I don't know what process may using it. However acpi is at least partially working on my computer because when I'm pressing power off button, linux is halting propertly.

Can you say why I get that /proc/acpi/event is busy?

----------

## dtor

Check if acpid is running. /proc/acpi/events only allowes one reader process.

----------

## Majkijin

Thanks dtor I have acpid running. I turned it off and I typed cat /proc/acpi/events but when I press mulitmedia keys I gets nothing so those keys are not controled by acpi.
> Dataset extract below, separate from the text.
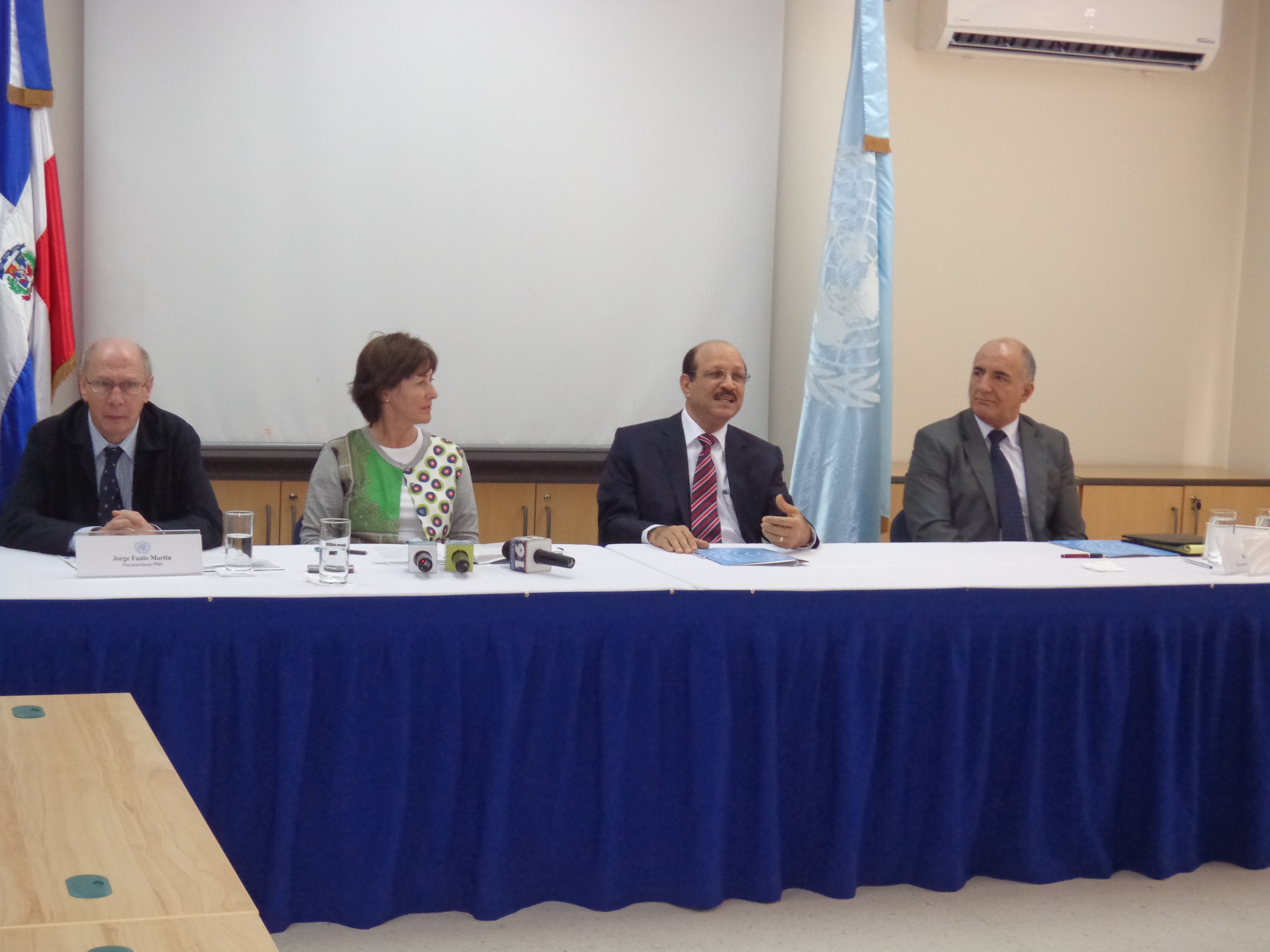 La firma se produjo en un acto realizado en la Casa de las Naciones Unidas, junto a los representantes de UNICEF, María Jesús Conde, y del Programa Mundial de Alimentos (PMA), Jorge Fanlo, así como el representante adjunto del PNUD, Roberto Gálvez.

Any ideas what if not acpi?

----------

## dtor

Did you enable Toshiba-specific support in ACPI?

----------

## Majkijin

 *dtor wrote:*   

> Did you enable Toshiba-specific support in ACPI?

 

Yes I do, but I have Phoenix bios not Toshiba and I think that feature don't wokrs in my case.

----------

## dtor

Ok, maybe the keys are available through regular input layer then. If you run "showkeys" in console (not X) does it show anything when you press these keys? Also, is there any messages in dmesg when you press those keys?

----------

## Majkijin

I've tryed "showkey" but it gives mi nothing. You say I should check dmesg messages, I'm not sure but isn't dmesg print boot messages? You ment that I should press that button during a linux booting?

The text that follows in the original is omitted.